Mursi, exintegrante del movimiento Hermanos Musulmanes, se convirtió en junio en el primer presidente egipcio elegido democráticamente tras la caída del régimen de Hosni Mubarak el año pasado.
«El Gobierno (estadounidense) le está dando mucho espacio para descifrar dónde quiere estar y dónde quiere que esté Egipto», dijo el exembajador norteamericano en El Cairo Daniel Kurtzer.
«Mubarak, cuando era presidente, hizo prosperar la idea de que era un aliado estratégico para Estados Unidos, pero creo que Mursi vería ese tipo de vínculo como una limitación», explicó.
Kurtzer argumentó que debe haber una «muestra de determinación» por parte del presidente egipcio de que no se permitirá que las manifestaciones se tornen violentas y que las embajadas de Estados Unidos estarán protegidas.
Muchos egipcios mantienen la cautela con respecto a Mursi, electo por un margen muy estrecho, y ha habido protestas durante la visita de la secretaria de Estado norteamericana, Hillary Clinton, provenientes de multitudes que alegaron que su revolución había sido «robada».

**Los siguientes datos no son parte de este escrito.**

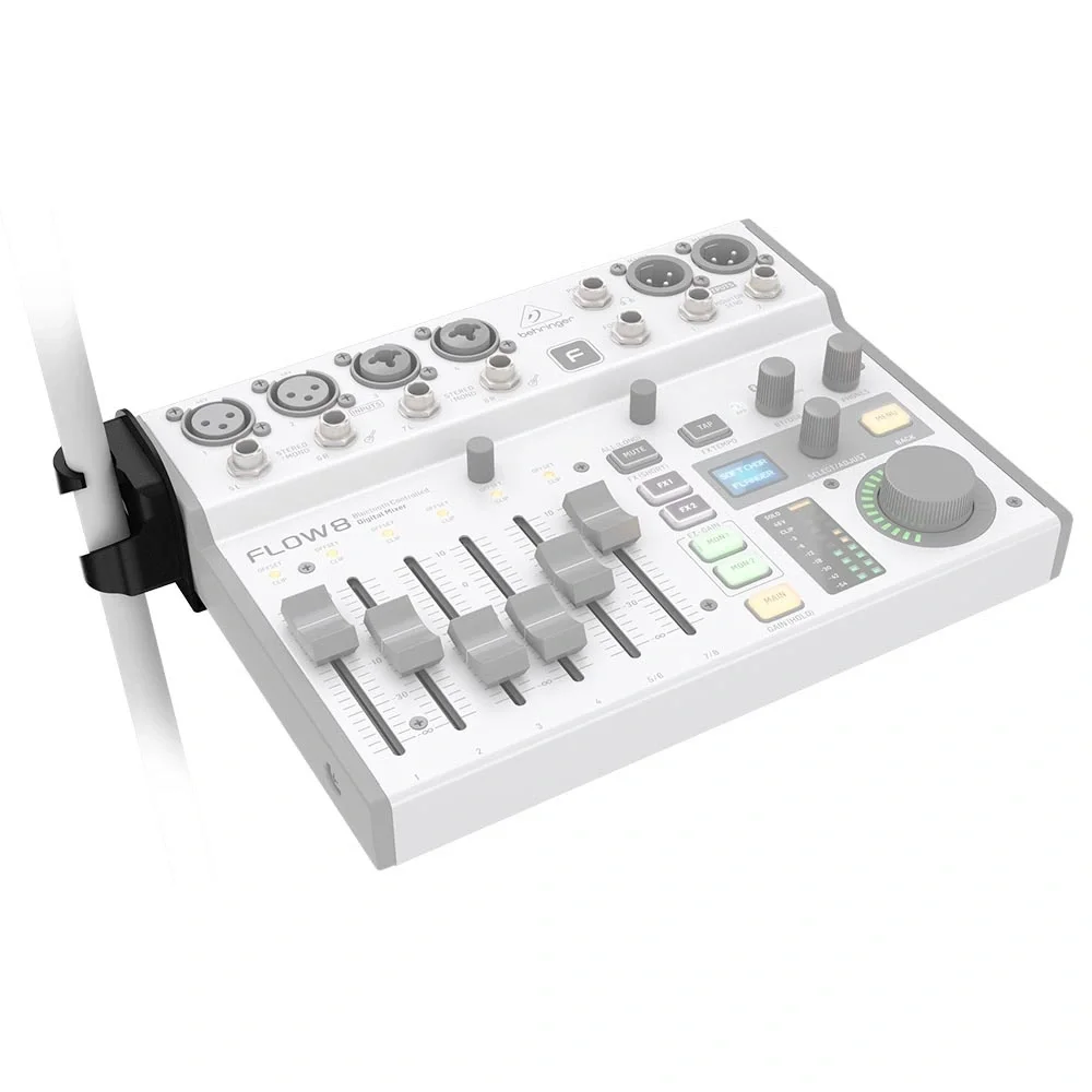 FLOW CLAMP, performansınız sırasında FLOW mikserinizi ulaşabileceğiniz bir yere getirmek için tasarlanmıştır. Küçük bir kulüp konseri için sahnede veya bir kayıt kurulumunda, en iyi yer genellikle mikrofon standınızın hemen yanı olacaktır. Gereksiz kablo karmaşasını önler ve FLOW mikserinizin kontrol yüzeyini sürekli erişilebilir tutar. Kelepçe, standart 5/8" mikrofon standları çapı için tasarlanmıştır (16,5 mm'yi aşmaz).

«No hay duda que sus compañeros de los Hermanos Musulmanes tienen ciertas expectativas de que Mursi va a liderar el país en base a la legislación y práctica religiosa», dijo Kurtzer.
«Cuán lejos llegue, lo que haga y las opciones que tome van a determinar las relaciones no sólo con Estados Unidos, sino con Occidente en general», agregó.
Los líderes europeos ofrecieron ayer a Egipto más de 1.000 millones de euros en ayuda durante la llegada de Mursi a Bruselas, en la primera visita a Europa desde su asunción.
Mursi está «tratando de atravesar una línea muy difícil para reposicionarse en que él no es Mubarak y que no sea visto como demasiado proestadounidense», dijo Joshua Landis, director del Centro de Estudios de Oriente Medio de la Universidad de Oklahoma. «Al mismo tiempo necesita mantener la paz con Israel y continuar con la ayuda militar que le provee Estados Unidos», indicó.
Obama señaló que Estados Unidos esperaba que El Cairo garantizara seguridad a su embajada y que de lo contrario sería «un gran problema».
Emile Hokayem, analista de Oriente Medio del Instituto Internacional de Estudios Estratégicos, dijo que Mursi tardó «una eternidad» para hacer una declaración sobre el ataque del martes, cuando miles de manifestantes arriaron la bandera de Estados Unidos de la embajada en El Cairo, en respuesta a un filme estadounidense al que acusan de mofarse del islam.
«Nosotros, los egipcios, rechazamos cualquier agresión o insulto a nuestro profeta», declaró Mursi ayer mientras llamó a la población «a no agredir a las embajadas».
«Los ataques fueron trágicos, pero en un sentido más estratégico lo que importa es la respuesta de los gobiernos libio y egipcio, y ésa será la prueba real», estimó Hokayem.